Another highly effective means of encouraging social interaction is the Elite Status. Prolific members of the Yelp community are rewarded with “Elite” status. Elite status carries with it 3 perks – a special “Elite” badge that is visible on the member’s profile, a Yelp Elite shirt, and invitations to Yelp Elite parties. The last is by far the most important of the rewards. Yelp takes it’s most prolific members, gives them free food and booze, and puts them in a room to socialize. At these events, members get to know each other in person. When they leave these events, they keep in touch with each other – through Yelp.
Elite status is rewarded based on a number of criteria, including how helpful the member has been to other members. This system directly rewards members who’ve reached out to contact others.
A third trick Yelp uses to encourage socializing is local fame. The best example of this is the Review Of The Day. Every day, one review is selected to be the Review of The Day. This is posted front and center on the main page of the site, and is guaranteed to attract attention and compliments to the reviewer’s profile. The potential to receive Review Of The Day, and the fame that comes with it, encourages members to write more reviews, and to write more entertaining reviews.
Local fame is also evident in the weekly newsletter emails that Yelp sends out. Each one has a theme (last weeks was “hotdogs around L.A.”, the week before was “best places to buy used clothes”). These are filled with names of members, such as “Yelper BabyFace prefers to get his hot dogs at Pinks”, so an active member may find themselves being specifically mentioned in front of the yelp community. This has the same effect as the Review Of The Day.
Yelp also has a standard message board set up, with various categories for members to post in. It’s a very active board, but the most surprising are the Unofficial Yelp Events, or UYE, postings. These are calls for Yelpers to get together in real life, but aren’t being organized by the Yelp site. This means that the socializing that has begun on the Yelp site with casual compliments has spilled over in to real life relationships.
The previously mentioned means of social encouragement are all obvious, active methods – they’re noticeable to the user as methods to encourage socializing, and they require some form of special action to use. Yelp has an incredibly powerful passive method to encourage socializing, too - It is an incredibly useful site with a self selecting community. The first means that there is a reason beyond socializing to use the site. The second means that that the reviews that people read are generally well written, and encourage people to stick around the site.
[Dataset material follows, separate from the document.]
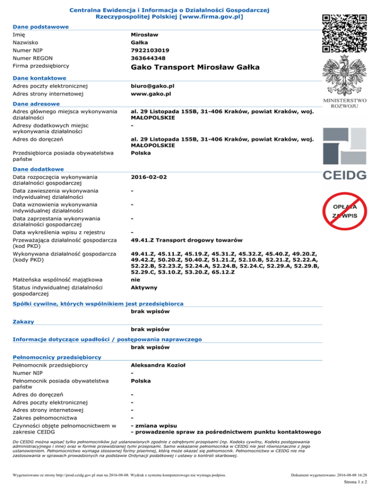 Centralna Ewidencja i Informacja o Działalności Gospodarczej Rzeczypospolitej Polskiej [www.firma.gov.pl] Dane podstawowe Imię Mirosław Nazwisko Gałka Numer NIP 7922103019 Numer REGON 363644348 Firma przedsiębiorcy Gako Transport Mirosław Gałka Dane kontaktowe Adres poczty elektronicznej [email protected] Adres strony internetowej www.gako.pl Dane adresowe Adres głównego miejsca wykonywania działalności al. 29 Listopada 155B, 31406 Kraków, powiat Kraków, woj. MAŁOPOLSKIE Adresy dodatkowych miejsc wykonywania działalności Adres do doręczeń al. 29 Listopada 155B, 31406 Kraków, powiat Kraków, woj. MAŁOPOLSKIE Przedsiębiorca posiada obywatelstwa państw Polska Dane dodatkowe Data rozpoczęcia wykonywania działalności gospodarczej 20160202 Data zawieszenia wykonywania indywidualnej działalności Data wznowienia wykonywania indywidualnej działalności Data zaprzestania wykonywania działalności gospodarczej Data wykreślenia wpisu z rejestru Przeważająca działalność gospodarcza (kod PKD) 49.41.Z Transport drogowy towarów Wykonywana działalność gospodarcza (kody PKD) 49.41.Z, 45.11.Z, 45.19.Z, 45.31.Z, 45.32.Z, 45.40.Z, 49.20.Z, 49.42.Z, 50.20.Z, 50.40.Z, 51.21.Z, 52.10.B, 52.21.Z, 52.22.A, 52.22.B, 52.23.Z, 52.24.A, 52.24.B, 52.24.C, 52.29.A, 52.29.B, 52.29.C, 53.10.Z, 53.20.Z, 65.12.Z Małżeńska wspólność majątkowa nie Status indywidualnej działalności gospodarczej Aktywny Spółki cywilne, których wspólnikiem jest przedsiębiorca brak wpisów Zakazy brak wpisów Informacje dotyczące upadłości / postępowania naprawczego brak wpisów Pełnomocnicy przedsiębiorcy Pełnomocnik przedsiębiorcy Aleksandra Kozioł Numer NIP Pełnomocnik posiada obywatelstwa państw Polska Adres do doręczeń Adres poczty elektronicznej Adres strony internetowej Zakres pełnomocnictwa Czynności objęte pełnomocnictwem w zakresie CEIDG zmiana wpisu prowadzenie spraw za pośrednictwem punktu kontaktowego Do CEIDG można wpisać tylko pełnomocników już ustanowionych zgodnie z odrębnymi przepisami (np. Kodeks cywilny, Kodeks postępowania administracyjnego i inne) oraz w formie przewidzianej tymi przepisami. Samo wskazanie pełnomocnika w CEIDG nie jest równoznaczne z jego ustanowieniem. Pełnomocnictwo wymaga stosownej formy pisemnej, którą może okazać się pełnomocnik. Pełnomocnictwo w CEIDG nie ma zastosowania w sprawach prowadzonych na podstawie Ordynacji podatkowej i ustawy o kontroli skarbowej. Wygenerowano ze strony http://prod.ceidg.gov.pl stan na 2016-08-08. Wydruk z systemu komputerowego nie wymaga podpisu. Dokument wygenerowano: 2016-08-08 16:28 Strona 1 z 2 W celu sprawdzenia aktualnego stanu wpisu należy odszukać wpis w systemie CEIDG (www.firma.gov.pl) WPIS DO CEIDG JEST WOLNY OD OPŁAT Zgodnie z art. 33 ustawy o swobodzie działalności gospodarczej Domniemywa się, że dane wpisane do CEIDG są prawdziwe. Jeżeli do CEIDG wpisano dane niezgodnie z wnioskiem lub bez tego wniosku, osoba wpisana do CEIDG nie może zasłaniać się wobec osoby trzeciej, działającej w dobrej wierze, zarzutem, że dane te nie są prawdziwe, jeżeli po powzięciu informacji o tym wpisie zaniedbała wystąpić niezwłocznie z wnioskiem o sprostowanie, uzupełnienie lub wykreślenie wpisu. Niniejszy wydruk jest zgodny z art. 38 ust. 4 ustawy o swobodzie działalności gospodarczej z dnia 2 lipca 2004 r. i ma moc zaświadczenia o wpisie w Centralnej Ewidencji i Informacji o Działalności Gospodarczej RP. Art. 38 ust. 5 ustawy o swobodzie działalności gospodarczej Organy administracji publicznej nie mogą domagać się od przedsiębiorców okazywania, przekazywania lub załączania do wniosków zaświadczeń o wpisie w CEIDG. Wygenerowano ze strony http://prod.ceidg.gov.pl stan na 2016-08-08. Wydruk z systemu komputerowego nie wymaga podpisu. Dokument wygenerowano: 2016-08-08 16:28 Strona 2 z 2

The community is self selecting because, in order to be active in Yelp, you have to be willing to write a review that is going to be publicly visible. I have yet to find a Yelp review that is mired in “L33t SP34K”. By maintaining this level of discourse, people aren’t scared away by idiosyncratic language.
If I wanted to increase the socializing aspects of yelp, I would more directly link the forums with what’s happening elsewhere on the site. Currently, the forums are completely disjoint, other than the link to them on the front page. I’ve found that I have to consciously make a decision to go there, which means that the socializing aspect isn’t as natural as it could be. To fix this, I might add a ticker tape somewhere on the yelp page, which displays headers from recent forum posts. If this were active everywhere on the site, it’d be a great invitation to jump from the review section to the talk section. To make it useful (and to not compromise the reason for the site’s existence), the ticker could be key worded to whatever review I was looking at, similar to the way gmail serves up ads based around the email contact. So, if I were looking at a review of a bar, I’d see headlines from posts like “Where’s the best place to drink on the West Side”, and so on.
Comments
Excellent summation of Yelp.
Posted by: Brian Boyd | December 12, 2007 11:23 AM
Nice article! I am a fan of Yelp! However, I seem to find myself using other business review websites such as http://www.ReviewPage.com and http://www.InsiderPages.com more often. I am not sure why, I guess I am just a fan of the underdog. lol.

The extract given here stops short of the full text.